The UK’s financial market regulator has finalized new rules for special purpose acquisition companies (Spacs) in a bid to attract more ‘blank check’ listings to London.
In April the Financial Conduct Authority (FCA) began a consultation on Spacs after a government-backed report said the UK needed to ease ‘burdensome’ listing rules.
Spacs raise money through a listing and then search for a private company to merge with. The resulting transaction takes the private business public, offering an alternative to a traditional IPO.
Under current FCA rules, trading in Spacs could be suspended when information about a target is published or leaked. That created the risk that investors could be locked into the transaction, putting off sponsors from using London to raise capital.
In its final rules, the FCA says the ‘presumption of suspension’ will be removed if the Spac offers certain investor protections.
These include giving investors the chance to exit before mergers are completed, requiring shareholder approval for transactions and including a time limit on how long Spacs can operate before they must return money to investors.
The FCA says it has taken on board feedback and adjusted its original proposals – for example, by lowering the minimum amount a Spac must raise from £200 mn ($277 mn) to £100 mn and offering a six-month extension to a Spac’s time limit if a transaction is close to completion.
The regulator will also offer guidance to Spacs to help them understand whether they are meeting the requirements to avoid a suspension.

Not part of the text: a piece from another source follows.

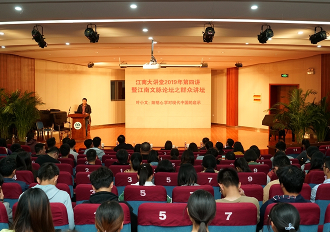 10月29日下午,江南大讲堂2019年第四讲暨江南文脉论坛之群众讲坛在北区活动中心音乐厅举行。第十三届全国政协委员、文史和学习委员会副主任,中国人民大学博士生导师叶小文为江南学子带来了一场题为“阳明心学对现代中国的启示”的精彩讲座。校党委副书记戴月波主持讲座,并为叶小文颁发“江南大讲堂讲座教授”纪念牌。

‘The final rules aim to provide more flexibility to larger Spacs, provided they embed certain features that promote investor protection and the smooth operation of our markets,’ says the FCA in a statement.
‘Private companies listing in the UK via a Spac will also still be subject to the full rigor of the FCA’s listing rules and transparency and disclosure obligations.’
The US saw huge numbers of Spac listings during 2020 and the first quarter of 2021, before activity dropped sharply amid increased scrutiny by regulators. Europe, however, has largely missed out on the Spac boom. The region saw just three listings in 2020, compared with 248 in the US.
The changes to Spac rules are part of a wider package of measures being considered by UK regulators. In March, Lord Hill’s review into UK equity markets also proposed relaxing the rules around dual-class shares and lowering free-float requirements, among a variety of other options.